Constructing a composite catalyst containing amorphous nickel hydroxide/crystalline lanthanum carbonate hydroxide for urea electrolysis

Abstract

The urea oxidation reaction (UOR) is considered a promising alternative to the anodic slow kinetics oxygen evolution reaction (OER) in water electrolysis due to its lower theoretical potential (0.37 V) compared to OER (1.23 V). To design an efficient catalyst for UOR coupled water electrolysis, in this work, a novel amorphous nickel hydroxide/lanthanum carbonate hydroxide composite catalyst (Ni(OH) 2 /La 2 (CO 3 ) 2 (OH) 2 ) with unique cactus-like morphology was grown on nickel foam (NF) by a one-step hydrothermal strategy. The Ni(OH) 2 /La 2 (CO 3 ) 2 (OH) 2 /NF exhibits a unique cactus-like morphology with 3D hierarchical heterostructures, which could expose more active sites and generate a large number of oxygen vacancies. The electron transfers from Ni to La and the synergistic effect of amorphous/crystalline interface regulate the surface chemical environment of the catalyst, resulting inimproving the electrocatalytic performance in anodic UOR and cathodic hydrogen production.

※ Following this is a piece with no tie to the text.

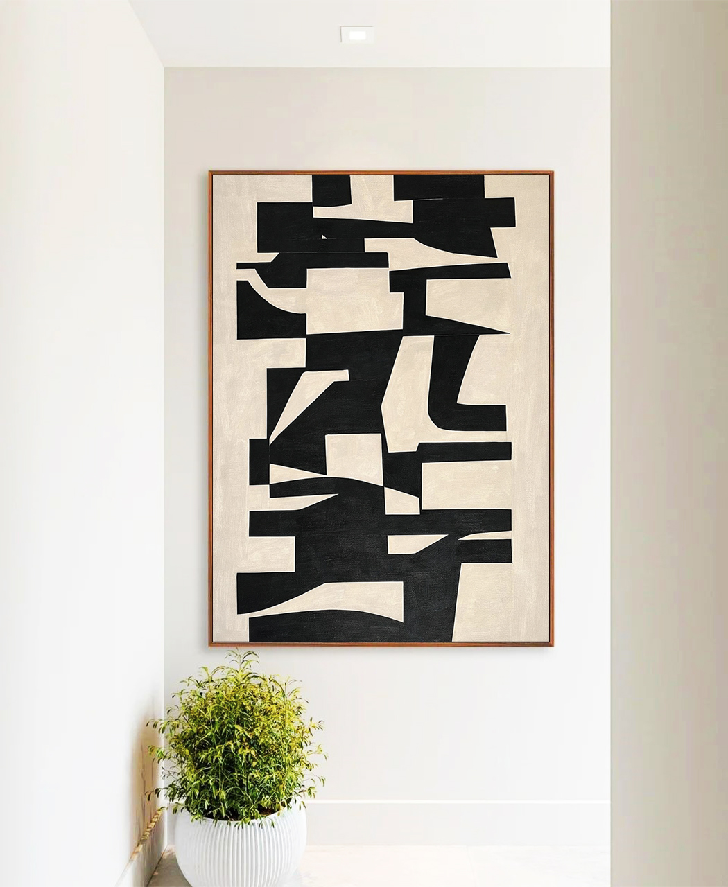 Traços minimalistas e geométricos em preto e marfim criam um visual elegante e equilibrado. Ideal para salas, escritórios e ambientes que buscam sofisticação, ordem visual e estética contemporânea.

Therefore, the assembled two-electrode system for urea-assisted water electrolysis only required a cell voltage of 1.42 V to achieve a current density of 10 mA cm -2 , which is significantly superior to overall water electrolysis. This work provides a new idea for exploring metal carbonate hydroxides with high activity and stable electrocatalysts for water splitting and other organic electro-oxidation.